But on the next call our special case system pool update then fails:

[06/Apr/2024 10:40:09] DEBUG [system.osi:423] (/dev/sda) parent of partition (/dev/sda3)
[06/Apr/2024 10:40:09] DEBUG [system.osi:506] -- Skipping btrfs partition entry -
[06/Apr/2024 10:40:09] DEBUG [system.osi:344] Scan_disks() using: blk_dev_properties={'name': '/dev/sdb', 'model': 'QEMU HARDDISK', 'serial': 'QM00003', 'size': '5G', 'transport': 'sata', 'vendor': 'ATA', 'hctl': '2:0:0:0', 'type': 'disk', 'fstype': 'btrfs', 'label': 'test-pool', 'uuid': 'e0a48f0a-0884-4b7e-b681-88e70823a3df'}
[06/Apr/2024 10:40:09] DEBUG [system.osi:344] Scan_disks() using: blk_dev_properties={'name': '/dev/sdc', 'model': 'QEMU HARDDISK', 'serial': 'QM00005', 'size': '5G', 'transport': 'sata', 'vendor': 'ATA', 'hctl': '3:0:0:0', 'type': 'disk', 'fstype': 'btrfs', 'label': '123', 'uuid': '5d96bfbc-47b9-4e5a-b64a-9088a7111bf7'}
[06/Apr/2024 10:40:09] ERROR [storageadmin.views.command:135] Exception while refreshing state for Pool(ROOT).
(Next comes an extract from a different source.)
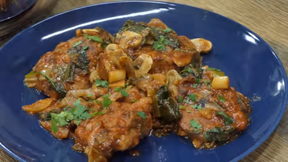 Izvadite meso i u isti tiganj dodajte još malo maslinovog ulja i pržite praziluk i crni luk 5 minuta na srednjoj vatri. Dodajte so. Dodajte pečurke, pržite 8 minuta na srednjoj vatri. Zatim dodajte spanać i pržite 3 minuta.

Moving on: '/dev/sda'
[06/Apr/2024 10:40:09] ERROR [storageadmin.views.command:139] '/dev/sda'
Traceback (most recent call last):
  File "/opt/rockstor/src/rockstor/storageadmin/views/command.py", line 123, in _refresh_pool_state
    pool_info = dev_pool_info[dev_tmp_name]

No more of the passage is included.